The Gene Ontology terms were analyzed to identify the biological functions of genes differentially methylated due to smoking and cadmium exposure. Among the 70 genes found to be differentially methylated in smokers compared to non-smokers, HOPX (cg25456368), RARG (cg20059012), and ZFP57 (cg12463578) genes, found to be under-methylated in the non-promoter regions, are involved in negative transcription regulation. Previous studies have reported that hyper-methylation in non-promoter regions of MMP9 (Falzone et al. 2016) and CDKN2A (Ben-Dayan et al. 2017) was associated with transcriptional activation. Therefore, the expression of HOPX, RARG, and ZFP57 genes might also be regulated by DNA methylation in the non-promoter regions. Glandular epithelial cell development (RARA), negative regulation of transcription from RNA polymerase II promoter (AHRR), and regulation of myelination (RARA) are the biological functions of some genes that were differentially methylated by both smoking and cadmium exposure. The RARA gene acts as retinoic acid receptor, nuclear receptor, and steroid hormone receptor (Tsaprouni et al. 2014). Recently, it has been reported that differential DNA methylation in RARA is associated with smoking in African Americans (Barcelona et al. 2019). Our data showed that cg19572487 in RARA was under-methylated by 9% (Δ ß-value =  − 0.05) in smokers compared to that in non-smokers (data not shown). Thus, alterations to DNA methylation in RARA can be caused by cadmium exposure as well as smoking.
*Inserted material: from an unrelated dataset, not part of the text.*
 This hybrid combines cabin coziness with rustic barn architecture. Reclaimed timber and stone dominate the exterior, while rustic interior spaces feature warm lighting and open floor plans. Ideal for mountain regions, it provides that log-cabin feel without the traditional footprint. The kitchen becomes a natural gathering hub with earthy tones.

The urinary cotinine level is a sensitive biomarker for tobacco smoking (Kulza et al. 2012; Raja et al. 2016) Behera et al. (2003). showed that mean urinary cotinine levels were 2736.20 ± 983.29 ng/mL and 7.30 ± 2.47 ng/mL in smokers and non-smokers, respectively. Sharma et al. (2019) reported that mean urinary cotinine levels were 1043.69 ± 1514.01 ng/mL and 13.60 ± 12.73 ng/mL in smokers and non-smokers, respectively. Our study found that smokers had a mean urinary cotinine concentration of 1847.95 ± 1178.87 ng/mL and non-smokers had a mean of 12.22 ± 17.16 ng/mL. Thus, these findings suggest that urinary cotinine values may be an indicator for smoking.
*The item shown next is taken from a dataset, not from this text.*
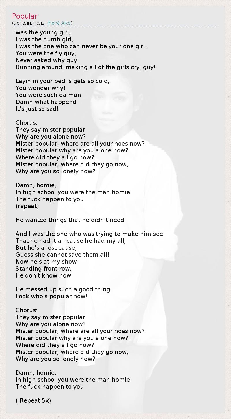 Это интересно:Джене́й А́йко Эфуру Чиломбо (род. 16 марта 1988, Лос-Анджелес), более известная как Джене́й А́йко или просто Джене́й — американская певица, автор-исполнитель. Айко — бывшая артистка лейблов The Ultimate Group и Epic Records, тем не менее оба из них она покинула сама, чтобы продолжить своё образование. Она начинала свою карьеру как «двоюродная сестра Лил Физза», на самом деле не состоят с ним в родстве. Это... продолжение
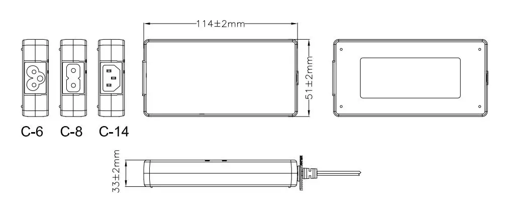 L114(4.5") x W51(2.0") x H33mm(1.3")

In conclusion, our study showed that 136 CpG sites (including 70 unique genes) were differentially methylated by smoking. Among these, DNA methylation levels of rs951295, cg00587941, cg11314779, and cg02126896 sites may be new putative indicators for smoking intensity. Furthermore, DNA methylation at cg05575921 and cg23576855 in AHRR, cg03636183 in F2RL3, and cg21566642 may be altered by smoking-induced cadmium exposure. These findings provide a novel insight into smoking-induced genetic alterations that might be involved in associated diseases.